Through deduction, some ideas can be considered certain, even if they are not self-evident in themselves 2. It is enough that they are deduced with certainty from other ideas that are themselves self-evident.

Intuition, therefore, validates each stage of a deduction—from first principles to conclusion—and these are the two most certain paths to science 3.


According to Rule IV, one cannot search for the truth without a method 4.

Seeking truth without a method is like searching for treasure by digging at random: it is clear that no result could be expected from such a haphazard approach.

If, by some miracle, success were achieved, it would be due to luck rather than science.

Hence, it is better never to think of seeking the truth about anything than to attempt it without method 5.

Disordered reflections disturb the natural light 6 of the mind. This expression, characteristic of Cartesian thought, appears in several of his works.

We can speak of natural light precisely because every mind naturally possesses two faculties—intuition and deduction—by which it can, through its own power, recognise certain truths.

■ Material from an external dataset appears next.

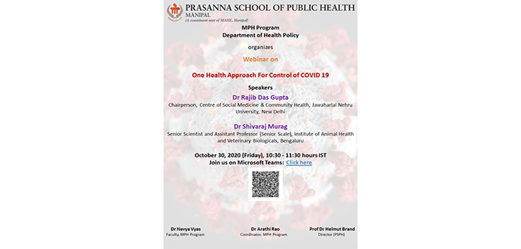 MPH Program, Department of Health Policy is organizing a webinar on "One Health Approach For Control of COVID 19" through Microsoft Teams on October 30, 2020 (Friday), 10:30 - 11:30 hours IST. Dr. Rajib Das Gupta, Chairperson, Centre of Social Medicine & Community Health, Jawaharlal Nehru University, New Delhi and Dr. Shivaraj Murag, Senior Scientist & Assistant Professor (Senior Scale), Institute of Animal Health and Veterinary Biologicals, Bengaluru will be the invited speakers for the webinar.

What is a method? Etymologically, a method is a route by which a goal can be reached. For Descartes, however, it is defined as: A set of certain and easy rules, by the exact observance of which one will be sure never to mistake an error for a truth, and to arrive at the true knowledge of everything of which one is capable 7.

The method must explain how intellectual intuition should be employed to avoid error […] and how deductive paths should be followed to attain knowledge of all things 8.


Descartes writes: To set out the method by which certain knowledge is to be attained in every discipline—and thus to constitute them as sciences—this is now the main task I have assigned myself in the present treatise 9.


This method, though not yet conceptualised, has already produced spontaneous fruits 10: arithmetic and geometry. Indeed, these disciplines unknowingly followed the principles of this method and achieved remarkable results.

Descartes’ contribution, therefore, was to conceptualise something that already existed but had been used unconsciously.

The advantage is that we will be able to apply this method to subjects beyond numbers and geometric figures. Thus, this method is not confined to mathematics. Properly understood, it enables truths to emerge from any field of inquiry 11.

So, if Descartes uses mathematical examples here, it is only for the sake of illustration. We must always remember that, in reality, he is presenting another discipline altogether 12.


Here is how he puts it:

“This science must contain the first rudiments of human reason, and extend so far as to bring forth truths from any subject. It is preferable to all other knowledge transmitted to us by human means, for it is the source of all others” 13.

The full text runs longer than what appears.